Please do let me know if you need anything else from me.


I’m having the exactly same problem!

Docker version 18.09.2, build 6247962
Python 3.7
pandas 0.24.2

I have a minimal working example that writes a 8 GiB csv file to disk using pandas. It takes 15 mins on host and 1.5 hours in docker to finish.

Hi @meownoid,

I think I have a quick fix for this. This doesn’t seems to be a docker problem. All you need to do is add chunksize to the pandas.to_csv() and you will notice a drastic improvement in the speed at which a csv file gets written.

Here is what I did:
data.to_csv(filename, index=False, header=True, chunksize=200000, encoding=‘utf-8’)
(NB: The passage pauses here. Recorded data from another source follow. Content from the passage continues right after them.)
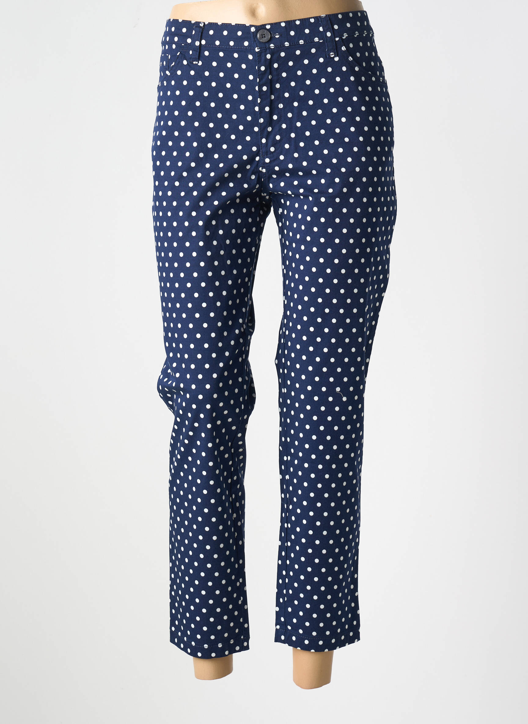 Et si votre style osait flirter avec la poésie ? Ce pantalon 7/8 pour femme de la marque WALTRON, habillé d’un motif à pois blancs sur fond bleu marine, dévoile une coupe ajustée qui souligne élégamment la silhouette tout en offrant une allure à la fois moderne et ludique.
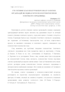 - Бондарчук, О.І. (orcid.org/0000-0003-3920-242X) (2017) Subjective well-being of the personnel of educational organizations as an indicator of the psychological safety of the educational environment In: Організаційна та економічна психологія в Україні: сприяння регіональному розвитку : тези ХІІ Міжнародної науково-практичної конференції з організаційної та економічної психології (1-3 червня, 2017 р., м. Харків) . Видавництво "Гуманітарний центр", м. Київ, Україна - м. Харків, Україна, pp. 65-66. ISBN 978-617-7528-36-3
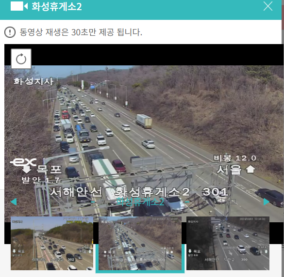 CCTV를 검색하고 구간을 누르면 위와 같은 CCTV 동영상을 실시간으로 볼 수 있습니다.
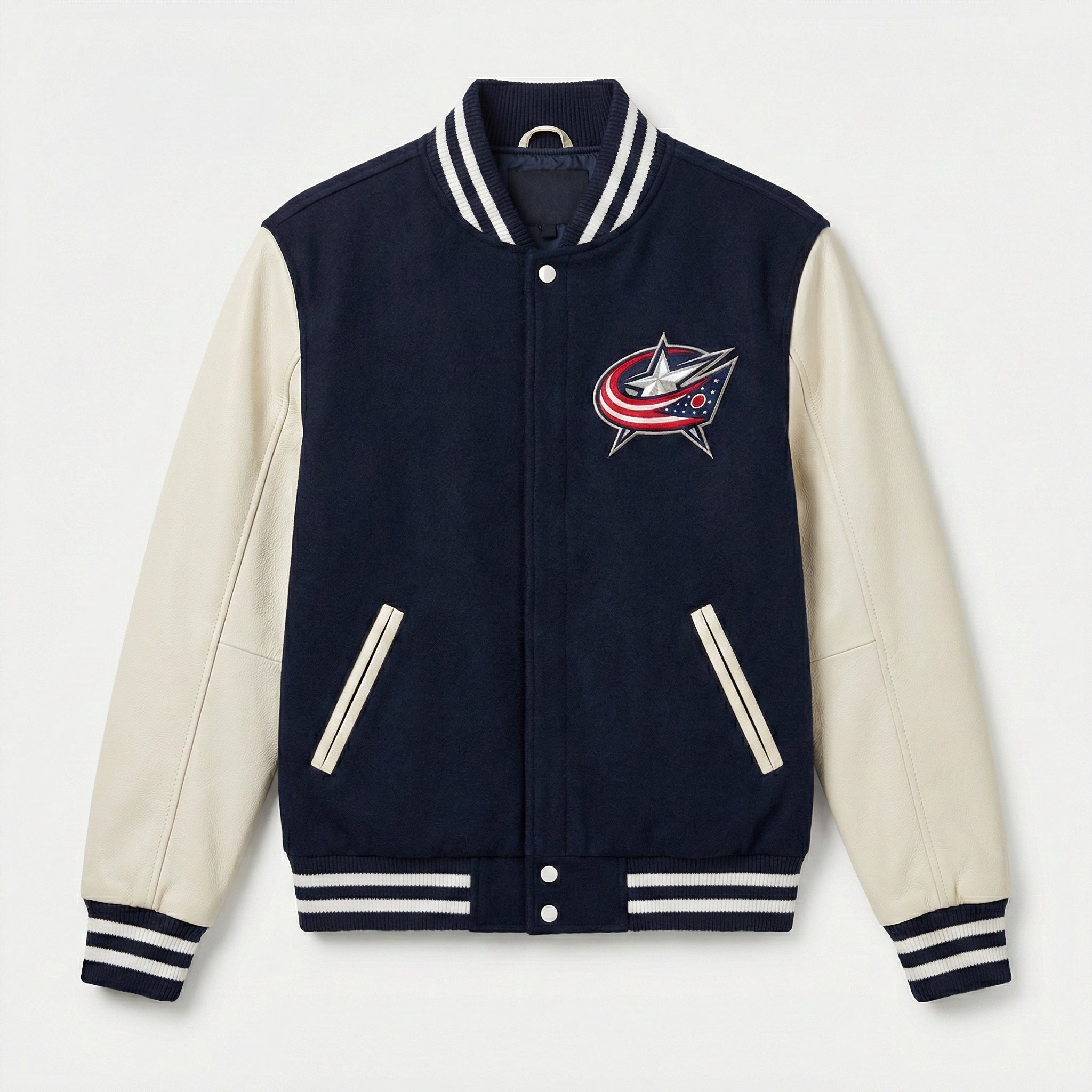 Show your Columbus Blue Jackets pride with this striking blue and white varsity bomber jacket. Designed for dedicated fans who appreciate premium quality and authentic team style, this jacket delivers both comfort and championship-worthy looks.
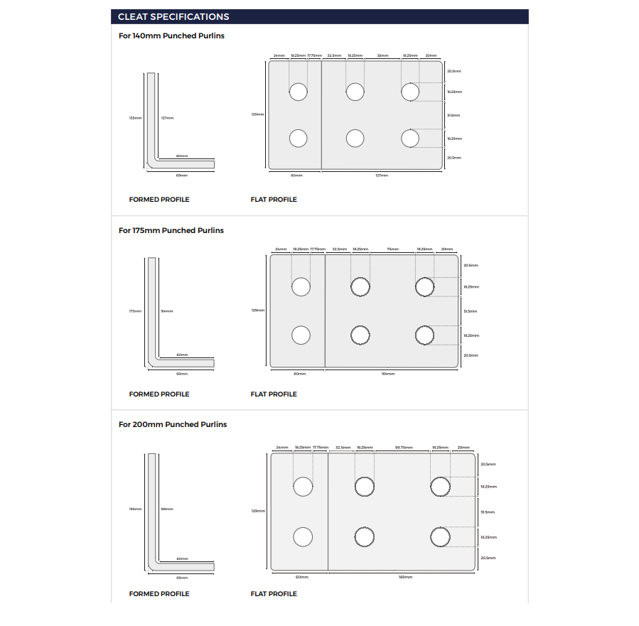 Clado metal pre-punched cleats are designed specifically with our existing Z and C purlins in mind. These corresponding purlin cleats ease the installation process of purlins onto the structural frame, ideal for either cladding and roofing projects.
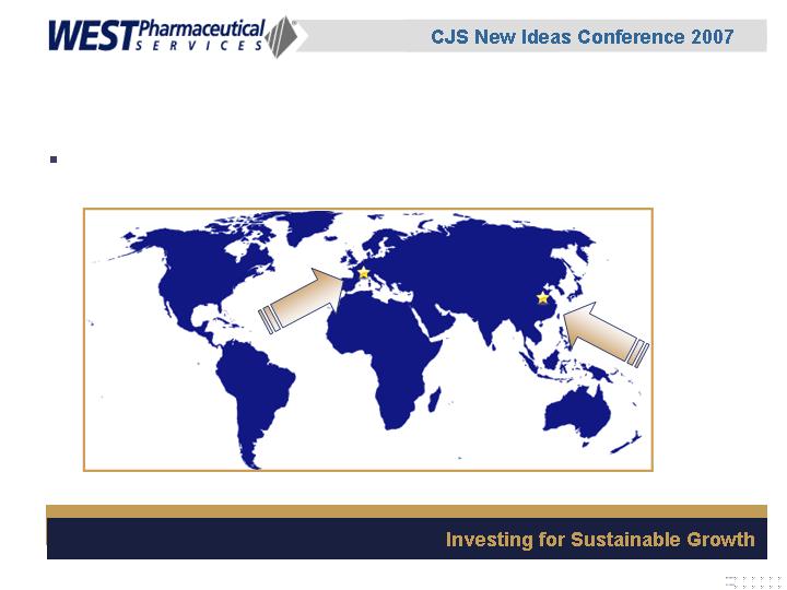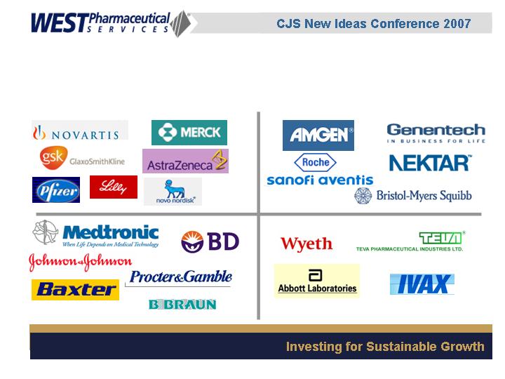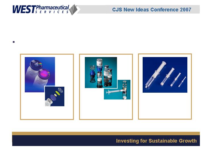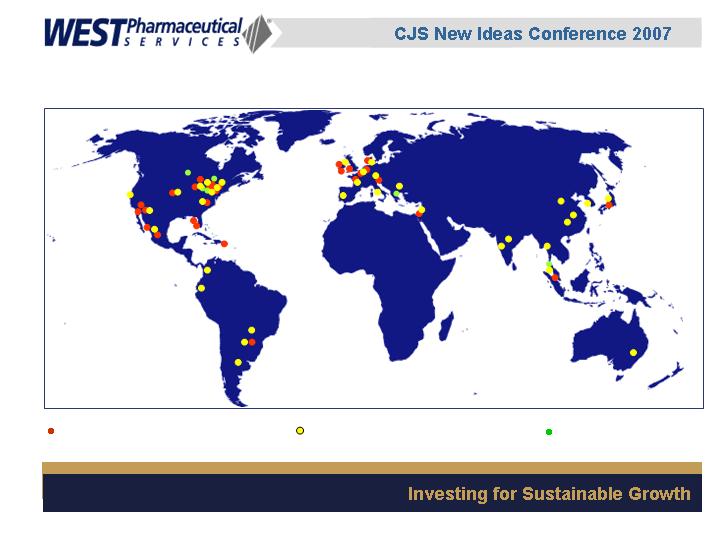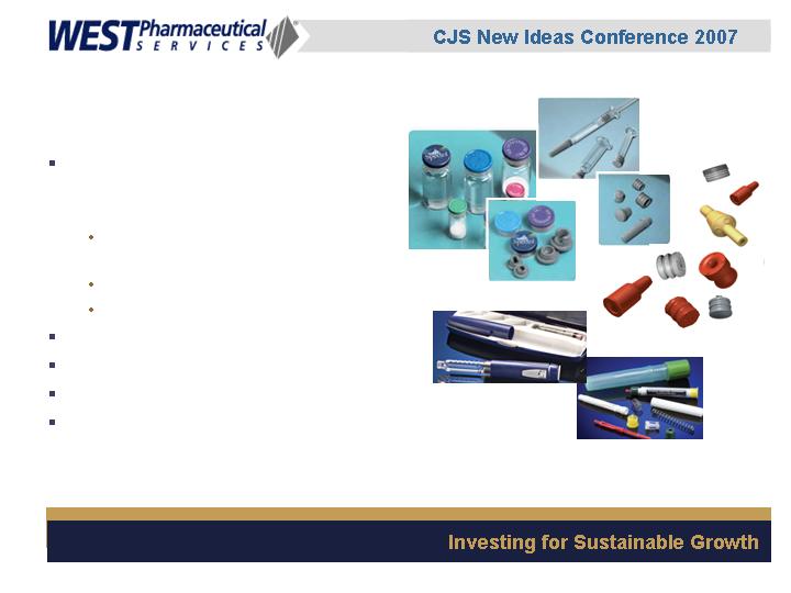 West Pharmaceutical Services, Inc. is the world's premier manufacturer of components and systems for injectable drug delivery, including stoppers and seals for vials, and closures and disposable components used in syringe, IV and blood collection systems. The Company also provides products with application to the personal care, food and beverage markets. West's customers include the world's leading pharmaceutical, biotechnology, generic drug and medical device producers. Headquartered in Lionville, Pennsylvania, West Pharmaceutical Services supports its partners and customers from 50 locations throughout North America, South America, Europe, Mexico, Japan, Asia and Australia. For more information, visit West at http://www.westpharma.com.
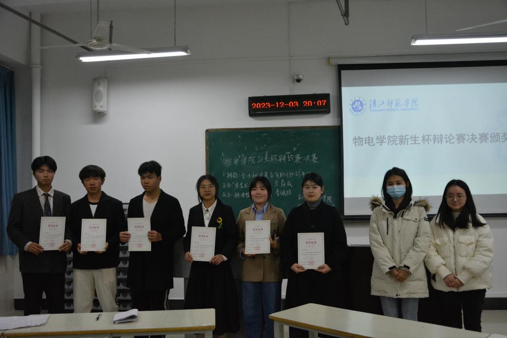 12月3日晚19点,物电学院2023年“新生杯”辩论赛决赛在尚艺楼A401举行。辅导员陈秋雨、班主任李娜、辩论协会社长白露清、副社长梁煜萌、辩论协会辩论队队长程锦一、辩论协会辩论队副队长张宇航等应邀担任比赛评委,2023级40名学生现场观看了比赛。

By doing so I was able to generate a 5GB csv file within 6 mins.

You can further improve this by writing out a file:

data.to_csv(filename +’.zip’, index=False, header=True, chunksize=200000, compression =‘zip’, encoding=‘utf-8’)

–> I was able to generate a 5 GB within 1 min. Which is super quick!

Hope this helps!

Thanks a lot @sdhanyam, that helped! Turned out I had different versions of pandas on the host and in docker and since version 0.24 to_csv works much slowly without additional arguments.